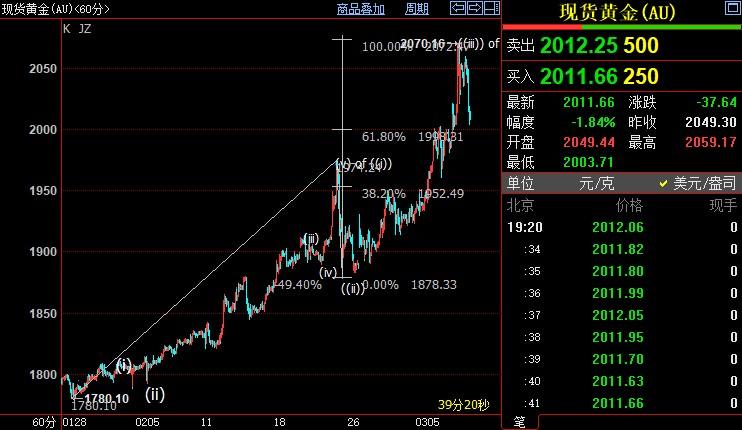 日线上看,金价自1779美元开启上行5浪走势。小时图上看,金价可能自1878美元开启上行((iii))浪走势,有望在61.8%目标位1998美元附近企稳,并有望重启升势,升破100%目标位2072美元。((iii))浪是5浪的子浪。
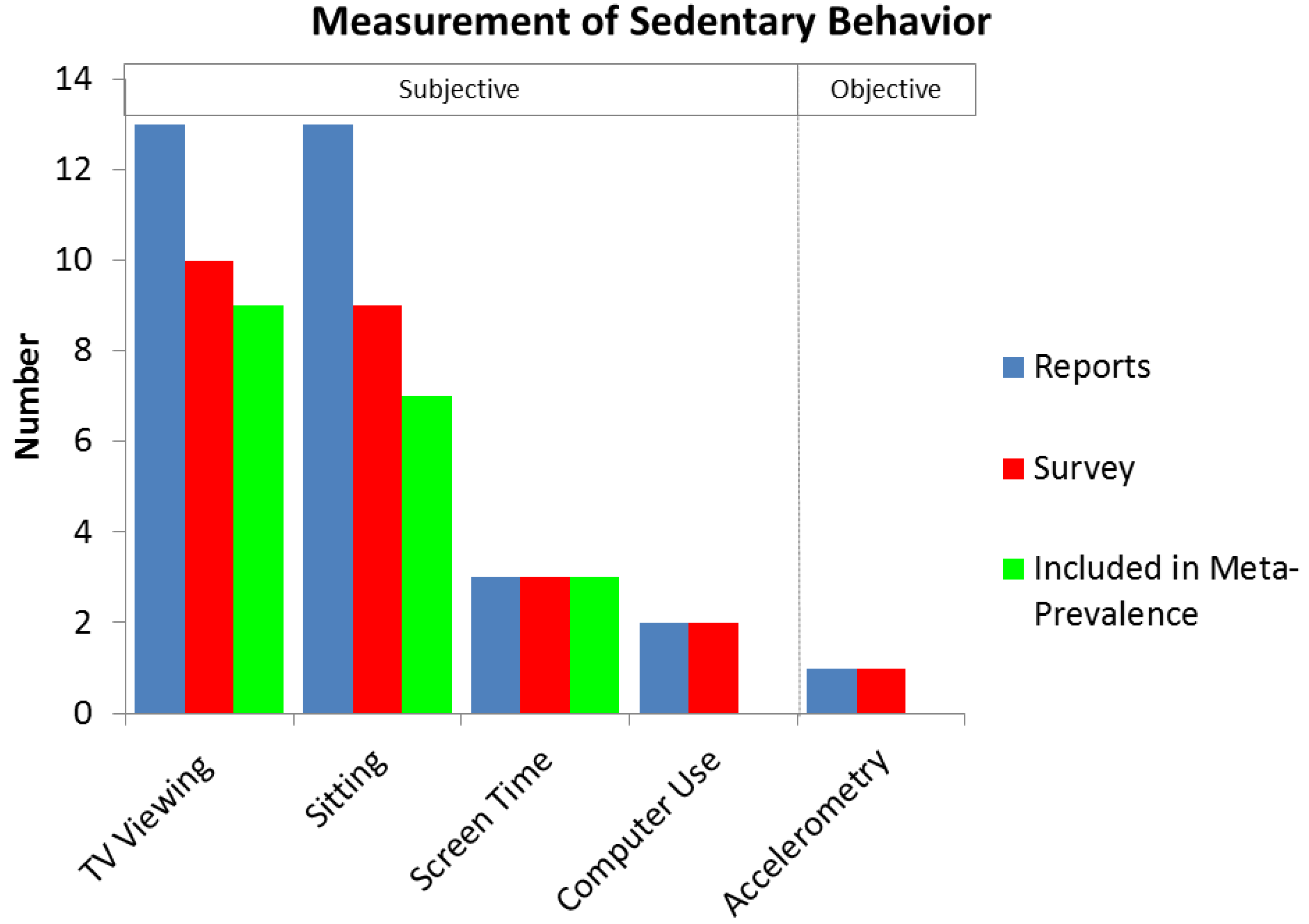 As can be seen from Figure 2, there were 13 papers on sitting, covering nine surveys with seven studies used for the meta-prevalence. With TV viewing 13 papers, covering 10 surveys, nine of which were included in the meta-prevalence. Three papers covered three studies, all of which were included in the meta-prevalence for screen time. Two surveys covered two surveys on computer use and one paper covered 1 survey on accelerometry.
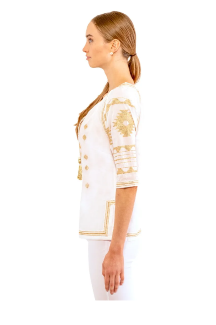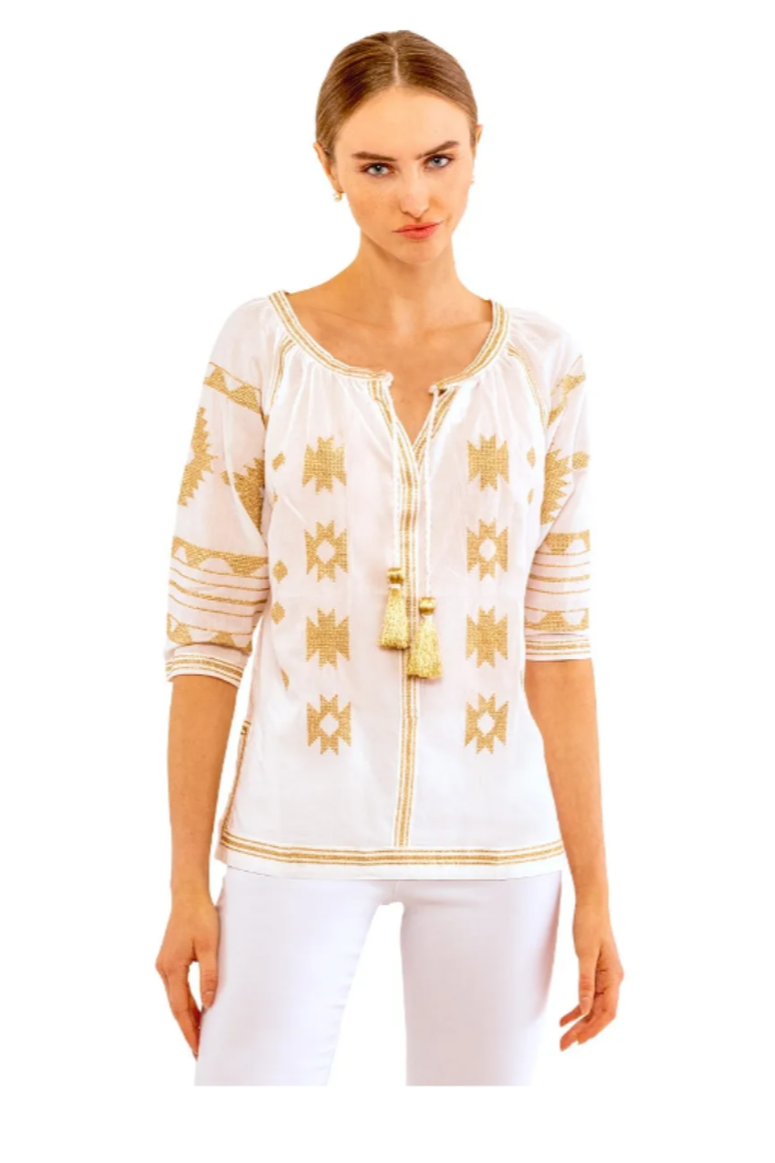 Embroidered Tassel Tie Top
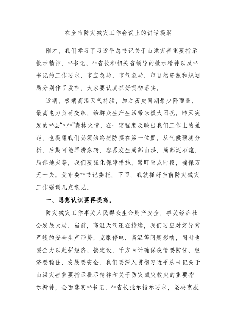 / 在全市防灾减灾工作会议上的讲话提纲

> [Exercise goal]:
Could you print the listing above exactly, without the pictures?

> [Answer space]:
 日线上看,金价自1779美元开启上行5浪走势。小时图上看,金价可能自1878美元开启上行((iii))浪走势,有望在61.8%目标位1998美元附近企稳,并有望重启升势,升破100%目标位2072美元。((iii))浪是5浪的子浪。
 As can be seen from Figure 2, there were 13 papers on sitting, covering nine surveys with seven studies used for the meta-prevalence. With TV viewing 13 papers, covering 10 surveys, nine of which were included in the meta-prevalence. Three papers covered three studies, all of which were included in the meta-prevalence for screen time. Two surveys covered two surveys on computer use and one paper covered 1 survey on accelerometry.
 Embroidered Tassel Tie Top
 / 在全市防灾减灾工作会议上的讲话提纲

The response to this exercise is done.